Act: Ask and answer. Part 4b: Identity tangent: White lies.



Setting:

Upon our skins dance multitudes of beings we will never see nor understand. We are a landscape defined by stories, most frequently those told to make us comfortable.



MR. PROVE-IT

“Whitenessss…”

(MR. PROVE-IT trails off in thought holding on the hiss of his ‘s’ for a full beat.)

…This is going to be a tricky.


MR. WHINEY

Forgive my brackishness, but BULLSHIT.

You absolutely do not get to dismiss the rhetorical impact of whiteness as an investigator, in examining the role of incarceration in America.


This is not a “gray area” conversation.

The only reason that the very concept of the prison does not qualify as a racist institution from before the founding of the United States of America to present is because most non-western European peoples were denied the status of citizenship for the majority of that history. Slavery, genocide, internment—all involved forms of inhuman incarceration, but they were happening outside of the limits of a criminal justice system and inside systems of an economic and military domination.
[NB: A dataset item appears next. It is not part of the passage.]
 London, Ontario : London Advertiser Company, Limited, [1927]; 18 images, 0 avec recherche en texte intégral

Even most working and under-class Western Europeans colonists were first codified into a class of humanity outside of colonial citizen: indentured servants who were forcibly relocated to the Americas under threat of execution in their European homeland. It is estimated that half to two-thirds of all Europeans who came to the Americas before US independence came as indentured servants. Less than half of indentured servants out-lived the terms of their bondage. Now, different laws existed to protect some of these groups in more ways than others (indentured servants eventually gained legal protections and recognitions denied African and indigenous slaves). However most of these laws came into existence to pit these groups against each other and make the ruling colonial elite look like the most reasonable and enlightened group to emulate or appeal for support.
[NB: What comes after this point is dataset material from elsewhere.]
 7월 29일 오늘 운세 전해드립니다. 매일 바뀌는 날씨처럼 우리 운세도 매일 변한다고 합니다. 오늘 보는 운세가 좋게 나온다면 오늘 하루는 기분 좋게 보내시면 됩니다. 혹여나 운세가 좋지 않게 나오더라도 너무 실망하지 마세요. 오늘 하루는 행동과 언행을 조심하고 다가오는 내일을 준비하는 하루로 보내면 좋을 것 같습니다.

Before the establishment of the United States (and for more than a century after it) outside of industrializing urban centers—incarceration was rarely employed as a means of establishing justice. Frontier law made heavy use of capital punishment, forced labor, and banishment (benignly called transportation) to lands outside of defended colonial borders.


MR. PROVE-IT

—Ok, ok, ok.


I think yr history lesson about the role of prisons in our country is gonna be a great section somewhere in this investigation. But maybe not right now, while you are going ape shit on me for saying that it is gonna be complicated to make clear the ways in which our whiteness impacts our findings.


MR. WHINEY

(Responds with caution.)

Conceding that we should save for later a conversation the history of the myth of “incarceration as justice” vs “a system of social control,” I still find your postmodern push to label “race” as complicated to be extremely problematic.


Yes, it is complex, but you are not allowed to dismiss complexity just because it makes you uncomfortable. Or are you scared that critically examining our whiteness will lead some readers to stop here in our investigation, and not consider any other issues we address in regards to McPherson’s Unit, because we are insisting that it is impossible to consider any institution of criminal justice without centering that analysis in the construction of race?


MR. PROVE-IT

Come on Mr. Whiny, this self-righteous bullshit is a farce, even if you are right.

Who are you trying to impress here by beating yrself up in some kind of PC pissing contest? What is at stake here? I want you to really consider that question before you answer and not give me some canned defensive response about being on the right side of history.


Because the whole point of doing this exercise in self-exposure is to admit up front that we have an agenda here, and if yrs is just to convince witty leftist intellectuals that you are smart enough to earn that big university tenure-track paycheck, then I want to reconsider what exactly is “problematic” here.


MR. WHINEY

What do I think I will win by making it clear that I recognize that whiteness and the social necessity of prisons walk hand in hand?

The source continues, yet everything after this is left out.